4 Matching Annotations
  1. Last 7 days
    1. DNA is sequenced to depths targeted to maximize diversity capture using a combination of Oxford Nanopore and Illumina for long and short reads, respectively, allowing for the generation of high quality and high contiguity genomic assemblies.

      The combination of ONT and Illumina is great - I wondered if you have found a tradeoff of trying to maximise finding diversity, i.e., reads that have differences, but also minimize retaining reads with sequencing errors that look artificially dissimilar. Presumably, walking the line between the two is critical to not over-inflating diversity estimates and retaining only confident 'true' standing diversity - I would love to know more about how you navigate this!

    2. the Basecamp Research supply chain allows royalty disbursements to be triggered at the point of data use and not only at the point of final product commercialisation

      I believe that a profit-sharing model for the country of origin of biodiversity has to be central to the commodification of biological diversity. I am curious about a couple of practical aspects of your implementation of this. Firstly, how do you determine the 'value' and therefore the royalties associated with the point of use of data prior to commercialization (are there some minimum royalties that are immediately owed to the country of origin at the point of use?), and subsequently I couldn't find a description in the manuscript of what constitutes a royalty vs. profit from the use of a sequence. When you say that 100% royalties will go to the data source A when a natural sequence is used, how does this compare with the profit gleaned from products developed from that sequence? Without this clarity, it feels rather obtuse as to how much countries are truly being compensated (my impression is that 'royalties' models of compensation have rightly been long criticized in other sectors due to their opacity and underweighting of small to mid-size contributors).

    3. Each sequence within BaseData is also embedded within a deep metadata layer capturing environmental, chemical, and physical parameters, as well as genomic and metagenomic context.

      Given the strength of biological foundation models will lie in their breadth of understanding, how do you balance sampling previously sparsely/unsampled environments (which presumably contribute substantially to new taxa/sequences) with less unique environments that exhibit more homogenous taxonomic diversity to get an idea of standing patterns of biological variation?
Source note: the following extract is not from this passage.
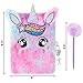 - UNIQUE DESIGN - Made of soft plush materiel and delicate unicorn embroidery. Each notebook is exclusive due to different dyeing. Gradient colors show cute unicorn faces. The diary also has unique cube horn.

I would imagine that capturing that standing variation is also an important component of understanding biology as a whole. Presumably, models will fail to generalize patterns and will overweight the prevalence of novelty in novel environments when they are more selectively sampled than other environments?

    4. This novelty extends beyond sequence space into taxonomic space: BaseData includes over 1 million new species, as defined by unique Operational Taxonomic Units, not found in GTDB or OMG, highlighting its unprecedented contribution to species-level discovery

      Increasing the breadth of sampling to this extent is fantastic. I was wondering whether you have an estimate of the increase in phylogenetic branch length across the data resulting from the addition of these additional taxa. I'm also curious as to whether these 'species' are all microbes or whether you also pick up DNA from macro-organisms, and if so, what the increase in 'traditionally' described species looks like compared to when you use OTUs?